On the days when I wake up somewhat early when the light is barely pushing into my window from the sky that creeps into the alley, all I want to do is remain silent and still. I make my coffee and sit in the kitchen. I’ll hear the garbage trucks, the squeaking of brakes coming to a stop — likely some close call on the chaotic intersections of my neighborhood. I hear other cars speeding, the distant hum of a train, and the highway. All these human noises fill the air. But then, I’ll hear a California towhee, or a crow. Sometimes I can hear the Canada geese passing overhead, or the lilting chirps of a house finch. And, of course, the endless calls of gulls. I often picture where these birds would be if Oakland wasn’t here. What other calls we could’ve heard before this city was built?
For thousands of years Lake Merritt and Oakland were a small appendage, an arm of the Bay itself, thousands of acres of wetlands where Ohlone people, the rare sora’s and bitterns of the marshes, and night herons, thrived. This was all before the Spaniards, the French, the Dutch, the British came to conquer both a land and people who were finally living equanimously with each other. This was before Europe arrived and decided that marshes were not sightly, were impractical places that could be made better use of with roads, homes, shops, and notions of progress and commerce. This, yes, was a long time ago.
But not so long ago to be some little after thought, some ancient and tragic story of the foolish creators of this city which I now call home. It was just over 250 years ago that Spanish conquistadors claimed the land for Spain. This is no ancient past. And that is still felt here today.
Walking this morning around Lake Merritt, which is really a closed-in estuary (that’s why it smells like the ocean and dead fish), I looked down into the water and saw two bat rays swimming quickly to the outlet, maybe heading back into the greater bay. There were American white pelicans bobbing for food, already here, a frequent stop and home for their non-breeding days. Snowy egrets, coots, and so many other waterfowl out there, making do with this altered but not completely unchanged landscape.
However, the bird that shows the land’s marshy history best is the black-capped night heron. Easily mistaken for a sea gull, you can see them everyday lining the lake, staring with resolute stillness into the water, almost as if they were reflecting on their own existence.
What’s most odd about them in Oakland, along with a handful of other urban areas, is their total comfort in the chaos of a city. Growing up with them in Marin County, I’d rarely see them in the streams in town, and could only find them out in the marshes surrounding the bay.
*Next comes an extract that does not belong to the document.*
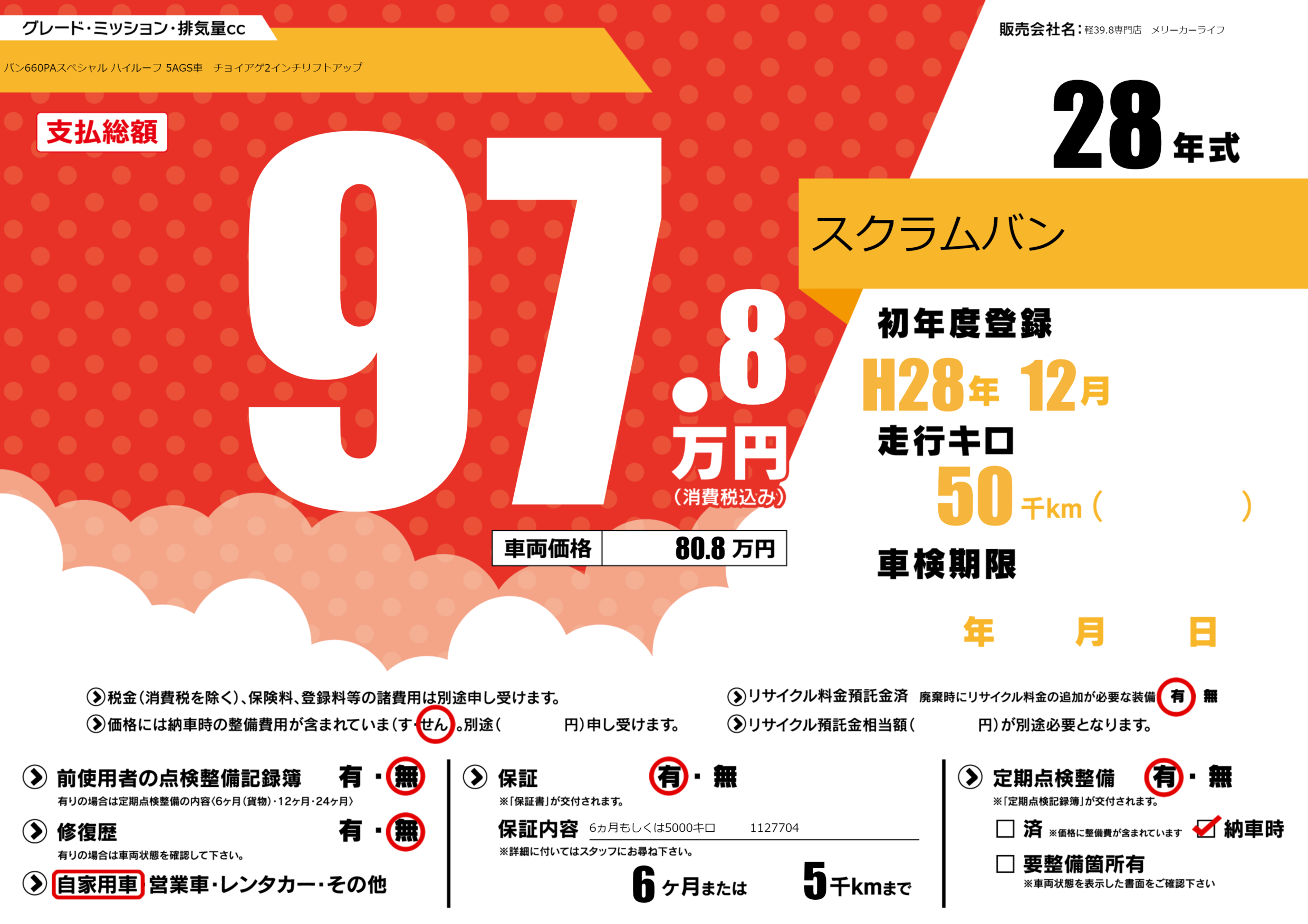 | 定期点検整備 | 定期点検整備あり 納車時あり | ||

But here, I’ve seen them pick through trash, stand on telephone lines and poles in the middle of downtown, and get into small fights with seagulls for sidewalk scraps.
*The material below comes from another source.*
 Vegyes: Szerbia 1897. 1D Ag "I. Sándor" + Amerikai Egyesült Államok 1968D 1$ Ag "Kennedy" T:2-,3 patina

Jenny Odell, in her book How to Do Nothing, sees them as a remnant of the watery past of Oakland, a remnant of the marshes we dredged to replace with all this concrete. In a 2018 article in Sierra magazine, she writes:
“The herons have existed in Oakland since before Oakland was a city. Like crows, part of their success has been adapting to the human environments built up around them. They’ll readily eat trash, do not seem to mind traffic, and will nonchalantly stand in the middle of a sidewalk downtown. Resolute in both space and time, night herons are the stocky ghosts of marshes past.”
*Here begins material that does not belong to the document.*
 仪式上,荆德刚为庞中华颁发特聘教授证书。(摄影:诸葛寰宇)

What’s odd is that so many stay in Oakland, that there is a population that lives year-round in the city itself, almost waiting for the waters to return. But I don’t want to psychoanalyze them too much.
To put it simply, this city, full of speeding cars, wild characters and hot takes from the world outside of it, a place that so many people in the Bay, the nation, and abroad, look to with fear, neglecting to see so much of the beauty of living here. The history of this place, both natural and human, is still fresh, still so directly tied into each other that they cannot be separated. This land once was thousands of acres of marsh. We see concrete, chaos, a challenging place to navigate, but we also see a beautiful and fraught history. A place that is here, despite who decides to not see it there. The sounds of the birds every morning outside my apartment are a small reminder to me of the beauty of Oakland, despite its challenges.